Василию Петровичу было не до гостей. День выдался тяжелый, с самого утра начались неприятности и цепочкой тянулись до самого вечера. На Невинномысской мойке опять запоздали с отгрузкой шерсти, а на двух фабриках срывалось выполнение плана, на базе Мосторга забраковали большую партию платков,— назревал скандал, а тут еще приказ министра о назначении инженера Власова директором Московского комбината. Василий Петрович в самой категорической форме возражал против этой кандидатуры, но с ним не посчитались, и это рассердило, обидело его...

День прошел в хлопотах. Беспрерывным потоком шли посетители, не переставая трещали телефоны, то и дело заходили в кабинет работники аппарата с разными бумагами и требовали срочно подписать. Только к вечеру Василий Петрович смог заняться почтой. Среди множества циркуляров, инструкций, требований он натолкнулся на контрольные цифры четвертого квартала, разработанные плановым управлением министерства. План по главку опять увеличивали.

—      Чиновники, совсем оторвались от жизни!— сказал вслух Василий Петрович и, позвонив секретарше, велел позвать начальника планового отдела.

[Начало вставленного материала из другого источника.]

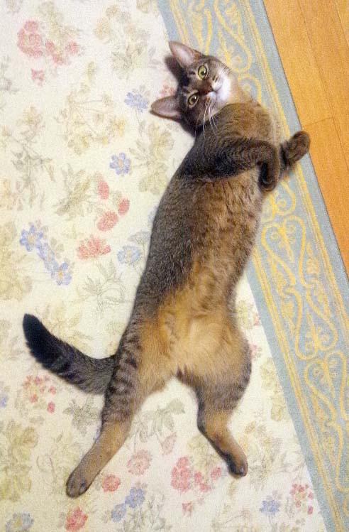 帰宅後、クールなものでスリスリよりも静かな空間を邪魔された感の二匹。

Запершись, они с плановиком долго ломали голову, какие бы найти убедительные доводы, чтобы опротестовать увеличение плана. Дело осложнялось еще тем, что в министерстве хорошо знали о резервах и неиспользованных производственных мощностях руководимого Василием Петровичем главка. Оставался единственный якорь спасения — нехватка сырья. Подбирая формулировки поосторожнее, они написали письмо на имя министра.

Часов в семь Василий Петрович собрался было на дачу, но в это время позвонили из секретариата заместителя министра и пригласили на срочное совещание по вопросам капитального строительства. Делать было нечего, пришлось собрать- на скорую руку необходимый материал, пробежать цифры и спуститься вниз.

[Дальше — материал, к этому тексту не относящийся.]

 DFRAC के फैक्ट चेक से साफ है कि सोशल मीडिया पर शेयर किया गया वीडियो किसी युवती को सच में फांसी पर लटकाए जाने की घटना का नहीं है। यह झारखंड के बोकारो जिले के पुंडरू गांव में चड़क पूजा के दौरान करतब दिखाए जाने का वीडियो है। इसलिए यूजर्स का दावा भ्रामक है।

На совещании говорили много и нудно. Как и следовало ожидать, ничего срочного не оказалось,— речь шла о том, чтобы любой ценой освоить до конца года ассигнования по капитальному строительству. У Василия Петровича разболелась голова, он плохо слушал, о чем говорилось, стараясь скрыть зевоту.

По дороге домой, утомленный и как-то внутренне опустошенный, Василий Петрович подумал:      «Хорошо бы

сейчас лечь, закрыть глаза, обо всем забыть...» Но вспомнил о дне рождения падчерицы, досадливо поморщился и махнул рукой.

В спальне, сбросив пальто на диван, он надел пижаму и пошел умываться. Холодная вода несколько успокоила его, головная боль стала стихать, но что-то по-прежнему тяжело давило на сердце. Он распахнул окно. Вместе с потоком сырого воздуха в комнату влетел желтый лист, сорванный ветром. «Да, лето прошло», — подумал Василий Петрович, облокотившись на подоконник и вслушиваясь в бормотание дождя.

Соседи уже давно переехали в город, пустые дачи сиротливо чернели среди деревьев — нигде ни огонька. Василий Петрович не раз предлагал жене перебраться на московскую квартиру, но Лариса Михайловна, внушив себе, что дачный воздух даже поздней осенью благотворно влияет на ее здоровье, упрямо оттягивала переезд.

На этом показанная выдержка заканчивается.